Why some themes cluster tighter than others
The clustering density (how tightly articles group together in time) reveals how writers respond to themes:
Tight clusters with high similarity: Multiple writers responding to the same external event (news, controversy, viral moment)
Loose clusters with high similarity: Multiple writers independently arriving at similar topics or arguments
Even distribution: Ongoing themes that don’t require external triggers
Low similarity scores across time: Broad thematic category containing diverse perspectives
Top performers
Looking at the highest-engagement articles over a two-week period reveals the power of established platforms:
“Jimmy Kimmel is gonna sue Disney for a billion dollars...” (Gavin Newsom 2028): 18,250 reactions, 727 comments
“The sleeping giant is awakening” (Robert Reich): 12,702 reactions, 1,886 comments
“September 20, 2025” (Letters from an American): 12,777 reactions, 831 comments
These top-performing articles share common traits: timely topics, strong perspectives on current events, and pre-existing large, engaged audiences.
What this tells us about Substack
After analyzing 39,000 articles, several patterns emerge:
Most articles receive modest engagement: Most articles get fewer than 50 engagements, reminding us that building an audience takes time.
Length matters, but not as much as you might think: While there’s a sweet spot around 1,500-2,000 words, audience and topic matter more than word count.
Interactive content drives comments: Posts that invite participation (like caption contests) can generate disproportionate discussion.
Political content drives extreme engagement: While AI has the most articles, political themes generate 10-20x more engagement per article, suggesting politics remains the most engagement-dense category on Substack.
Trends cluster around events: Machine learning reveals how writers collectively respond to external events, with high-similarity articles clustering around specific dates when news breaks.
Some conversations are sustained, others are reactive: Themes like personal growth and AI ethics show consistent publishing patterns, while political themes spike around specific events then dissipate.
Controversy concentrates attention: The Jimmy Kimmel controversy generated more engagement than themes with 4x as many articles, showing that divisive topics punch above their weight.
Meta-content thrives: Substack writers actively write about Substack itself, creating a self-reinforcing community learning loop.
Try it yourself
I’ve made these analytics available on StackDigest so others can explore the data…and so I can get some feedback on this feature. You can filter by category, time period, and engagement levels to discover patterns relevant to your niche. The Theme Radar feature lets you explore any of the 20 identified themes, view their similarity score distributions over time, and see which specific articles are driving each conversation.
The database continues to grow and update every few days, so the insights will evolve as new content is published and new trends emerge. I’m particularly interested in tracking how themes evolve week over week, which topics maintain momentum, which fade, and which new conversations emerge.

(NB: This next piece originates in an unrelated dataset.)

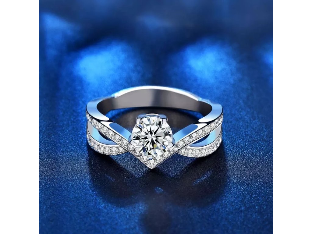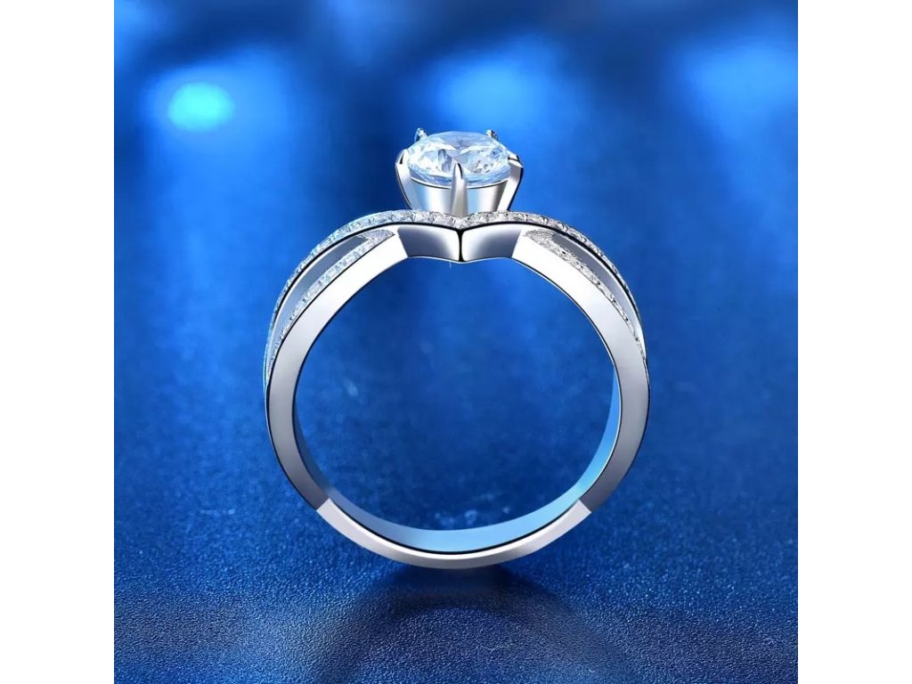 • Strieborný rhodiovaný prsteň zdobený žiarivým drahokamom moissanitom a okolitými trblietavými zirkónmi. Originálny dizajn prsteňa, kvalitné spracovanie a materiál, ručne dohotovené.

StackDigest is a work in progress and free to use. Please DM me with questions, feedback, suggestions, and bug reports.







Fascinating statistical analysis. It makes me wonder if same/different themes would emerge on LinkedIn/Medium, ie how Substack specific is this or does the general public all gravitate to the same topics at the same times.
Thanks for doing the setup, analysis, and distillation!
This is absolutely brilliant!! Thanks for doing this work and writing it up.